What to produce: Leaving the pictures aside, return all of the data below exactly.

Dataset section:
- - -

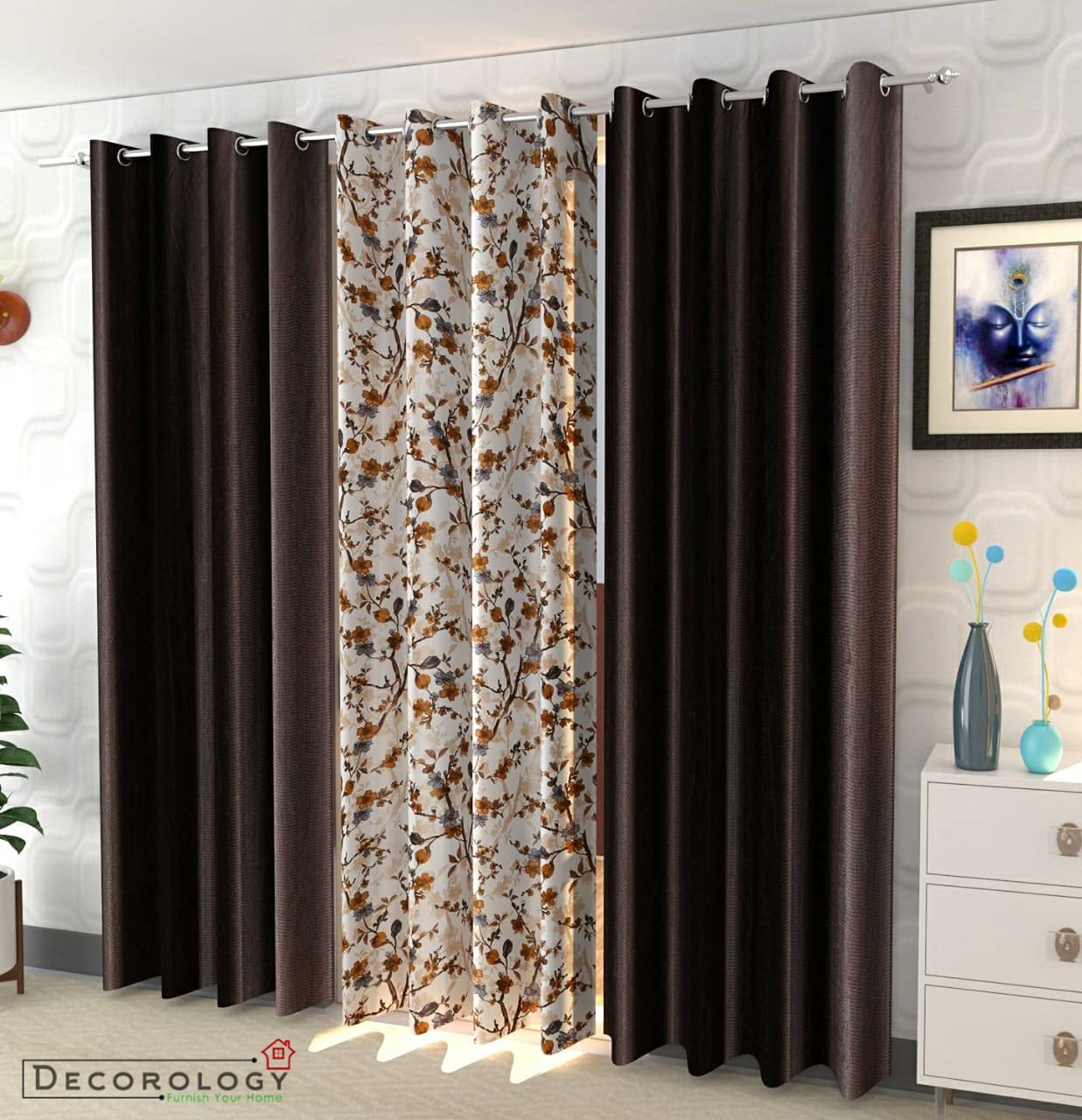 Plain Solid And Floral 3D Digital Printed Heavy Long Crush Polyester Fabric Eyelets Curtains , Combo Of 3 , For Living Room & Bedroom ( Set Of 3 ) (Coffee, 4 Feet X 7 Feet)(Eyelet;Blackout)
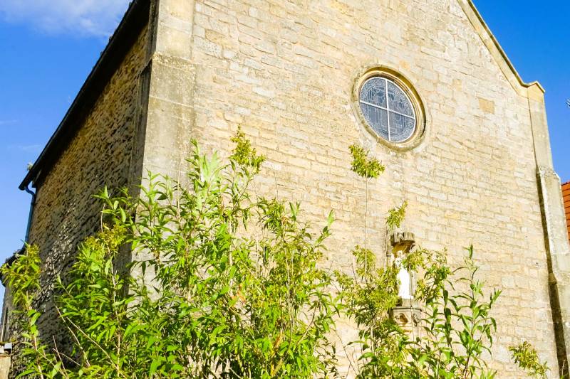 Derrière l’école, découvrez cette église dont le sol est en carreaux incrustés.
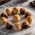 - Dip and Decorate: Using a fork or dipping tool, dip each chilled truffle into the melted chocolate. Tap off excess chocolate and place back on the parchment paper. Optionally, sprinkle crushed Biscoff cookies or sea salt on top before the chocolate sets.
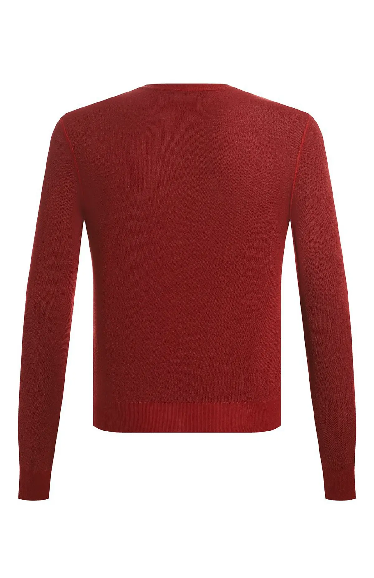 Джемпер из кашемира и шелка Loro Piana выполнен в насыщенном бордовом оттенке. Лаконичный дизайн с круглым вырезом горловины и длинными рукавами подчёркивает изысканную простоту модели. Тонкий трикотаж, сочетающий мягкость кашемира и деликатный блеск шёлка, обеспечивает комфорт и элегантный внешний вид. Изделие станет универсальным элементом гардероба, подходящим как для повседневных, так и для более формальных образов.

- - -

Solution to the exercise:
 Plain Solid And Floral 3D Digital Printed Heavy Long Crush Polyester Fabric Eyelets Curtains , Combo Of 3 , For Living Room & Bedroom ( Set Of 3 ) (Coffee, 4 Feet X 7 Feet)(Eyelet;Blackout)
 Derrière l’école, découvrez cette église dont le sol est en carreaux incrustés.
 - Dip and Decorate: Using a fork or dipping tool, dip each chilled truffle into the melted chocolate. Tap off excess chocolate and place back on the parchment paper. Optionally, sprinkle crushed Biscoff cookies or sea salt on top before the chocolate sets.
 Джемпер из кашемира и шелка Loro Piana выполнен в насыщенном бордовом оттенке. Лаконичный дизайн с круглым вырезом горловины и длинными рукавами подчёркивает изысканную простоту модели. Тонкий трикотаж, сочетающий мягкость кашемира и деликатный блеск шёлка, обеспечивает комфорт и элегантный внешний вид. Изделие станет универсальным элементом гардероба, подходящим как для повседневных, так и для более формальных образов.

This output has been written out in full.